- Genre: Reality
- Starring: Denise Richards; Aaron Phypers; Lola Sheen; Sami Sheen; Eloise Richards;
- Country of origin: United States
- Original language: English
- No. of seasons: 1
- No. of episodes: 8

Production
- Executive producers: Denise Richards; Alex Baskin; Jenn Levy; Joe Kingsley; Jeff Festa; Adam Griffin; Brian McCarthy; Brittany Nabors; Luke Neslage;
- Running time: 22 minutes
- Production companies: 32 Flavors; Smoke & Mirrors Entertainment;

Original release
- Network: Bravo
- Release: March 4 – April 8, 2025

Related
- Denise Richards: It's Complicated

= Denise Richards & Her Wild Things =

American reality television series

Denise Richards & Her Wild Things is an American reality television series that premiered March 4, 2025, on Bravo.

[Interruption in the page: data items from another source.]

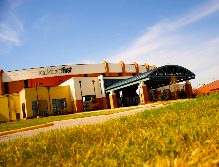 This is a picture of Rockford First Church in Rockford, IL in 2011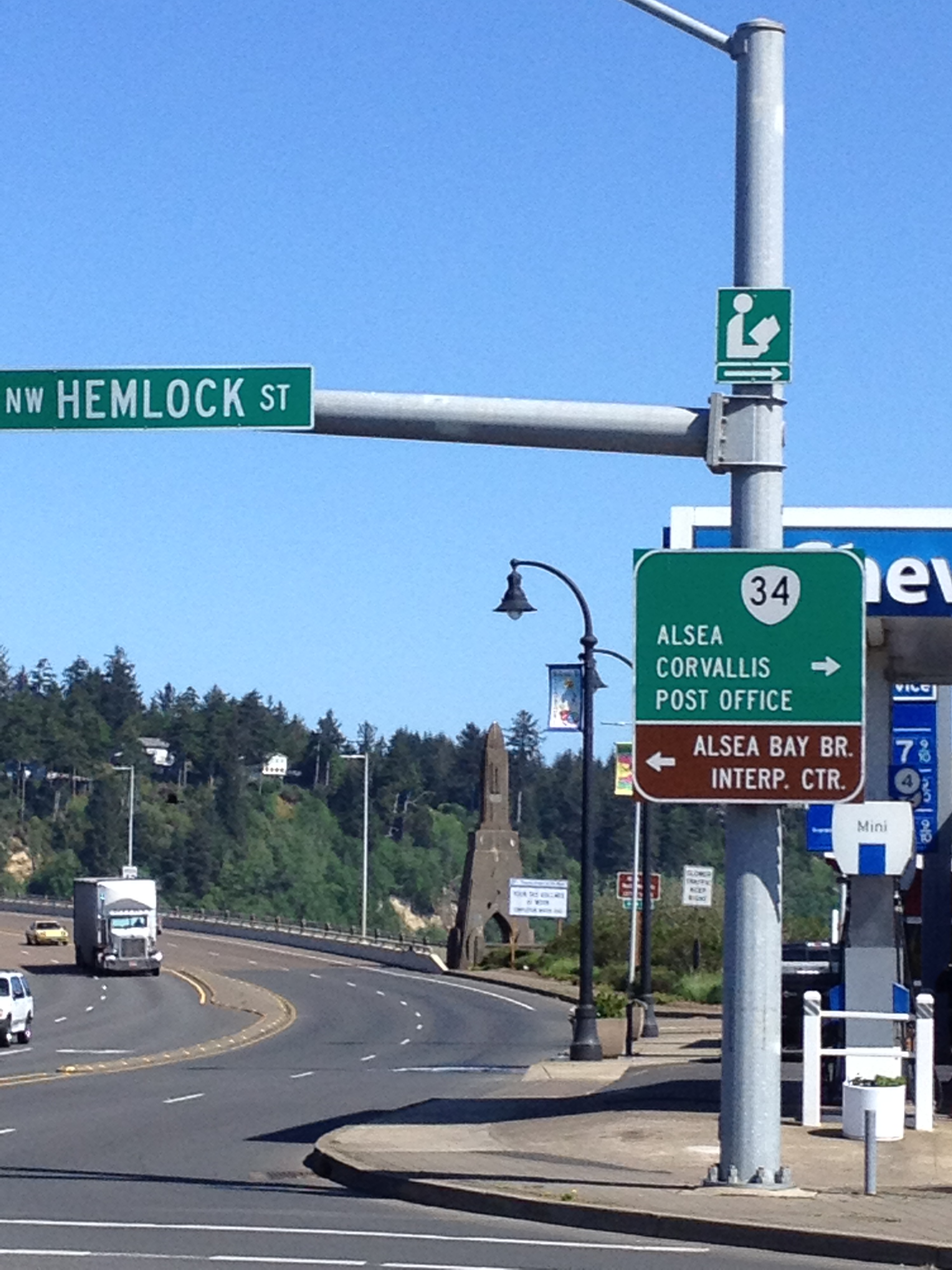 This is where Oregon 34 starts in Waldport.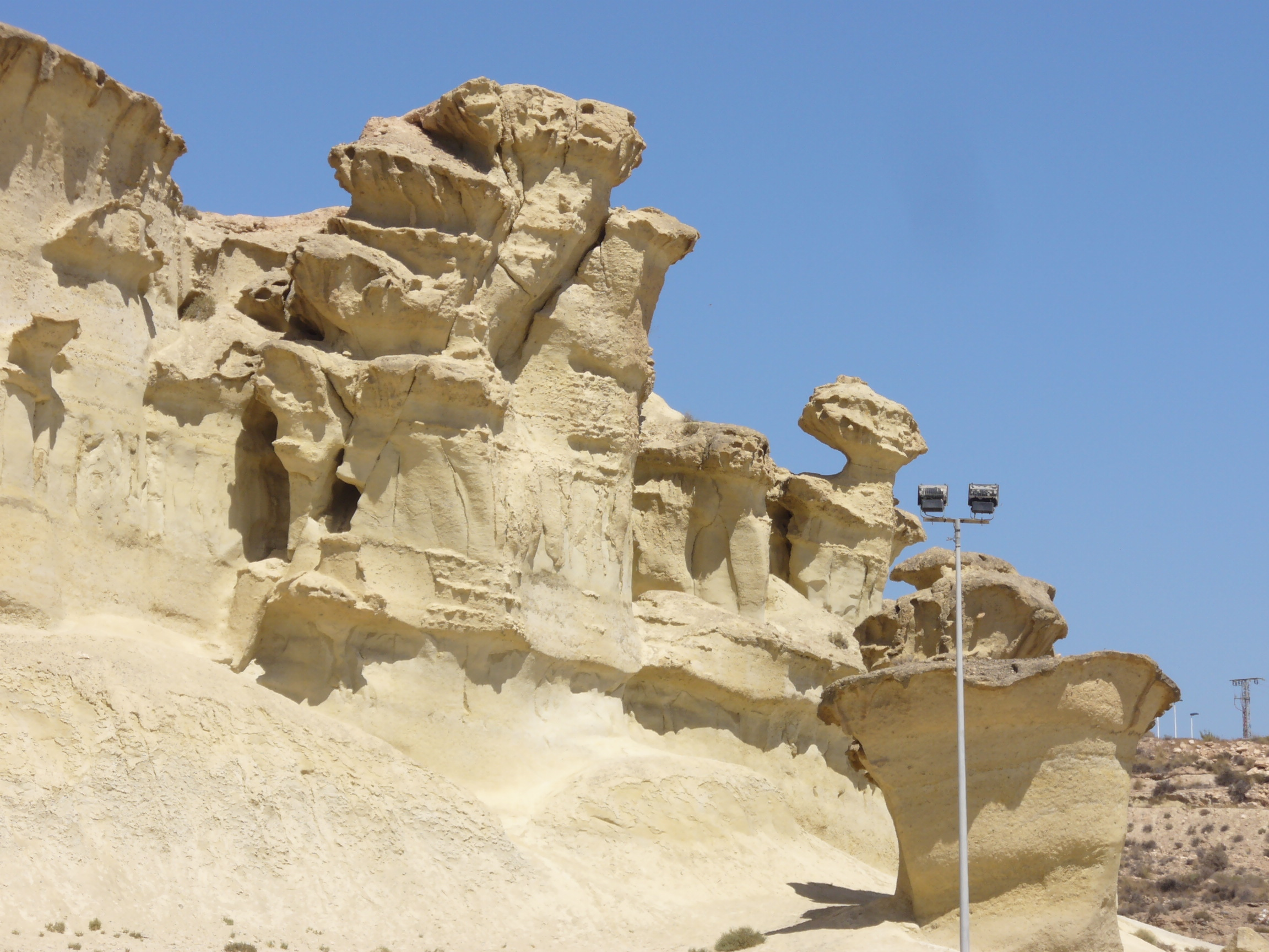 When I look at what the wind has carved in all nature beauty,the sculptures are buildings.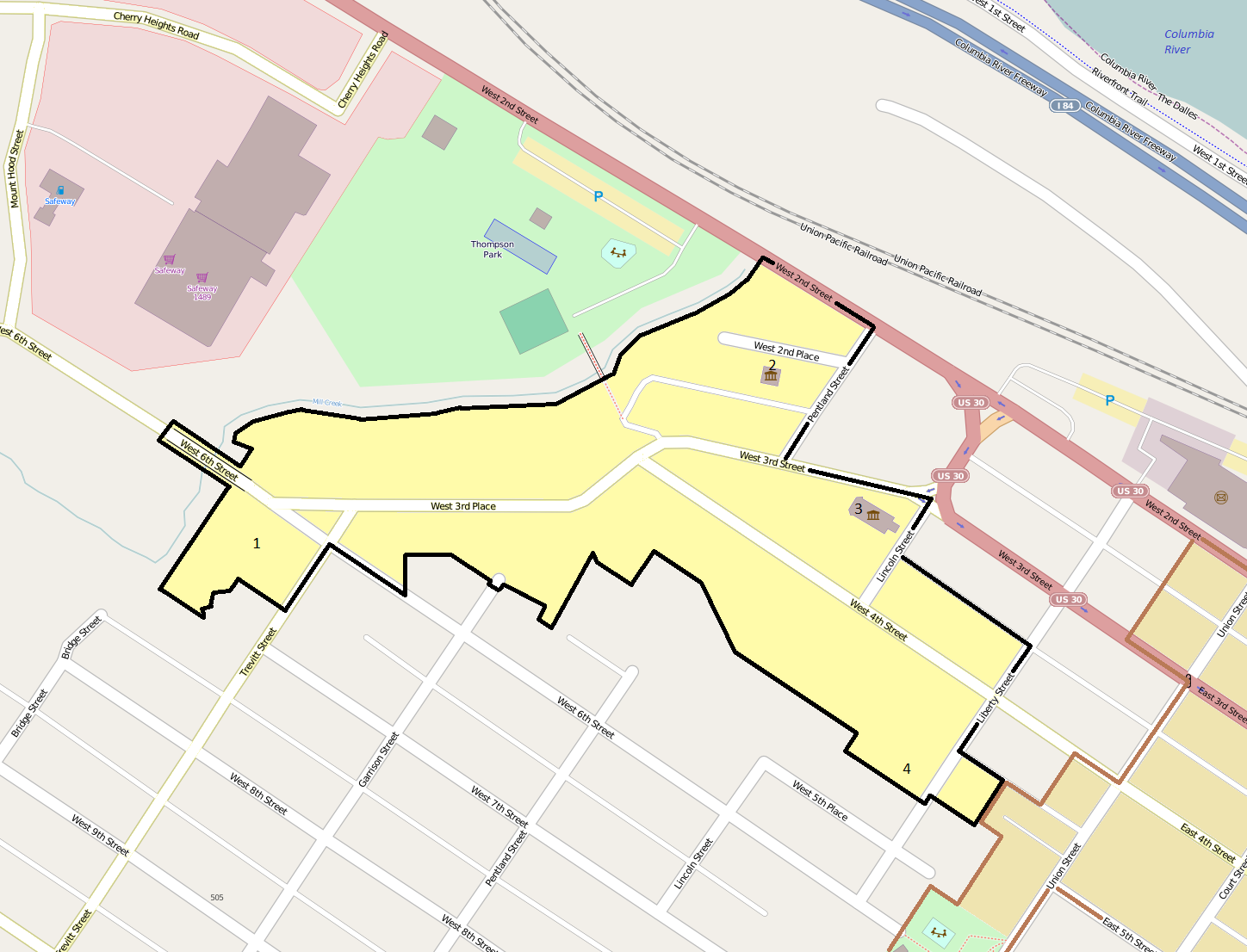 Map showing the boundaries of Trevitt's Addition Historic District in The Dalles, Oregon, United States. The historic district is listed on the US National Register of Historic Places. Boundary data is derived from the historic district's National Register nomination form. Black boundary/yellow area: Trevitt's Addition Historic District boundaries. Brown boundary/tan area: Boundaries of the adjacent The Dalles Commercial Historic District. Numbers: Represent the locations of contributing resources in the historic district that are also listed individually on the National Register: Bennett–Williams House First Wasco County Courthouse St. Peter's Roman Catholic Church (former) Edward French House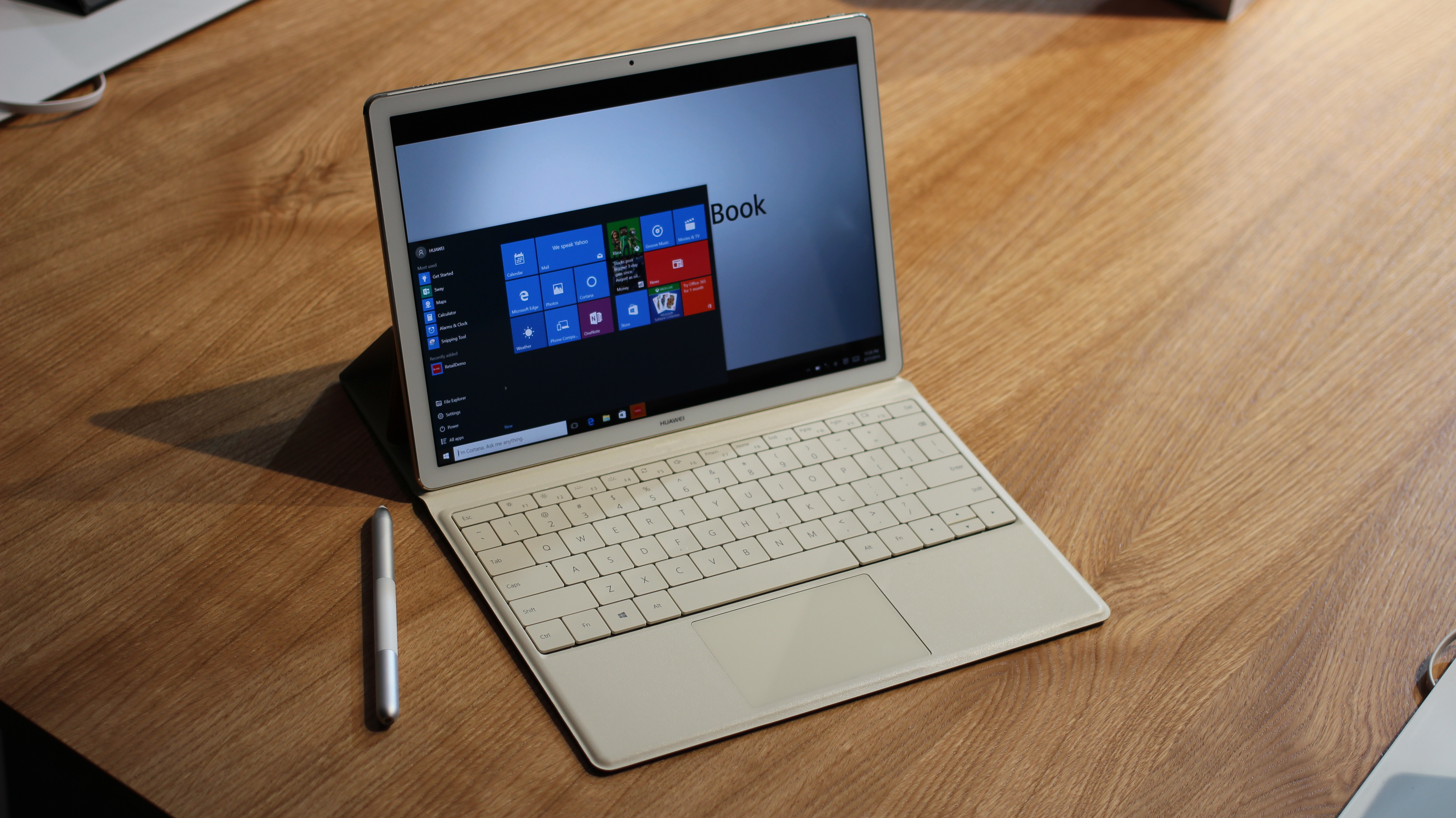 Huawei Matebook 2-in-1 tablet with Windows 10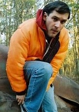 Emil Amos, songwriter and drummer, also known as the solo member of the group "Holy Sons". Date of photo is approximate.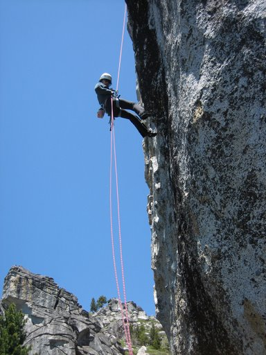 Rappelling from Upper Spire, Phantom Spires, Kyburz, CA. Photographer: Tom Cronin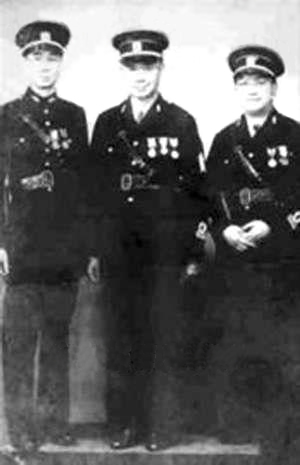 Cheng Ziqing, Xue Gengshen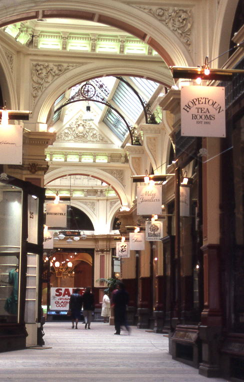 the block, melbourne, australia

The series follows Denise Richards, her husband Aaron Phypers, and daughters Lola Sheen, Sami Sheen and Eloise Richards.

==Premise==
The series follows Denise Richards as she navigates work and family life, with husband, Aaron Phypers, and daughters Lola Sheen, Sammi Sheen and Eloise Richards.

==Cast==
- Denise Richards
- Aaron Phypers
- Lola Sheen
- Sami Sheen
- Eloise Richards

==Episodes==

| No. | Title | Original release date | Viewers (millions) |
|---|---|---|---|
| 1 | "Wild Beginnings" | March 4, 2025 | 0.491 |
| 2 | "Spelling It All Out" | March 4, 2025 | 0.320 |
| 3 | "Drop Dead Gorgeous Lizard" | March 11, 2025 | 0.356 |
| 4 | "Only Pans" | March 11, 2025 | 0.306 |
| 5 | "Yes, Chef!" | March 18, 2025 | 0.345 |
| 6 | "Video Killed the Movie Star" | March 25, 2025 | 0.346 |
| 7 | "My Dinner with Charlie" | April 1, 2025 | 0.400 |
| 8 | "The Family that Photoshoots Together..." | April 8, 2025 | 0.368 |

==Production==
In June 2024, it was announced E! had greenlit a reality television series focusing on Denise Richards and her family. In July 9, 2025, Bravo Network cancelled Denise Richards & Her Wild Things after one season.